Не знаю, кто, где и когда впервые заговорил о нем при мне. Но еще в раннем детстве редко, но ярко проходил он в моем воображении. Странным и страшным казался он мне. Может быть, это было оттого, что, будучи с детства один среди взрослых, я прислушивался внимательно к полупонятным словам, к отвлеченным спорам. И незнакомые имена западали в память. Почему-то ярко запали имена Вейерштрассе и Соловьева. Вероятно, при мне кто-нибудь из "университетских" выразился в таком тоне: "Странный человек Владимир Соловьев". Или дама сказала: "Загадочный". А детское воображение заработало. Мне стало казаться, что Владимир Соловьев -- странник, шествующий с посохом по городам, селам, лесам. Он -- нечто вроде вагнеровского Wanderer'a1: появляется то в Москве, то в Аравийской пустыне. Мой мир сказочных представлений пересекал он редко, но пересекал. Куда? В Аравию, на север? Для меня был он одним из музыкантов, что проходят на север в "Драме жизни"2, возвещая приближение горячки. Это было провиденциально: Владимир Сергеевич был для меня впоследствии предтечей горячки религиозных исканий.
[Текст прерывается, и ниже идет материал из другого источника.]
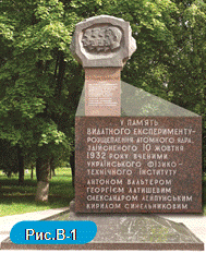 Дослідження в галузі атомної фізики в Україні розпочалися в 1928 році, коли в Харкові, за ініціативою відомого вченого А. І. Іоффе, було створено Український фізикотехнічний інститут (УФТІ). Через кілька років після заснування інституту, у 1932 році, молоді співробітники Антон Вальтер, Георгій Латишев, Олександр Лейпунський і Кирило Синельников уперше в Європі розщепнули ядро атома — це було ядро літію (рис. В-1). У 30-х роках під керівництвом Льва Ландау в інституті починаються теоретичні дослідження атомного ядра та ядерних процесів. Квантова механіка, фізика твердого тіла, магнетизм, фізика низьких температур, фізика космічних променів, гідродинаміка, квантова теорія поля, фізика атомного ядра і фізика елементарних частинок, фізика плазми — у всіх цих галузях фізики Ландау вдалося зробити відкриття. Про нього говорили, що у «величезній будівлі фізики 20-го століття для нього не було замкнених дверей».

Помню, однажды раздался звонок. Отца не было дома. К нам вошел, как мне казалось, кто-то сухой, длинный, черный, согбенный, с волосами, падающими на плечи, с длинной черно-серой бородой, с изможденным лицом и серыми глубокими глазами. Сел -- и показался добрым и маленьким, потому что длинны были его ноги; сидел с высоко поднятыми коленками и смеялся большим-большим ртом, протягивая мне свою костлявую, но какую-то бессильную, длинную руку. Посидел и исчез. Из разговора матери с отцом я понял, что это был Владимир Соловьев. Приходил по какому-то делу, но мне он явился, как являются сказочные незнакомцы из Гофмана. Взрослые говорили, что в пустыне его приняли за черта. Мне казалось, что он вышел из смерчей, самума, пришел к нам; а когда вышел за дверь, то смерчем расклубился, метелью пронесся. Греза стала реальнее.
Вскоре опять я его видел у профессора Стороженко3. Опять поразило его в жестокой думе сожженное лицо среди благообразных, довольных лиц окружающих. Казалось, что голову вот-вот положит он на колени, потому что колени его длинных ног высоко поднимались, а туловище казалось коротеньким. Мы, дети, бегали среди гостей, стараясь приколоть к сюртукам бумажные хвостики. Мы, дети, с шутливым страхом косились на Соловьева. А бука Соловьев добродушно посматривал на нас.
Так сказочно промелькнула фигура Владимира Сергеевича в далеком детстве моем. И позднее я встретился с ним. Но только последняя встреча, незадолго до его смерти, имела для меня роковой и глубокий смысл.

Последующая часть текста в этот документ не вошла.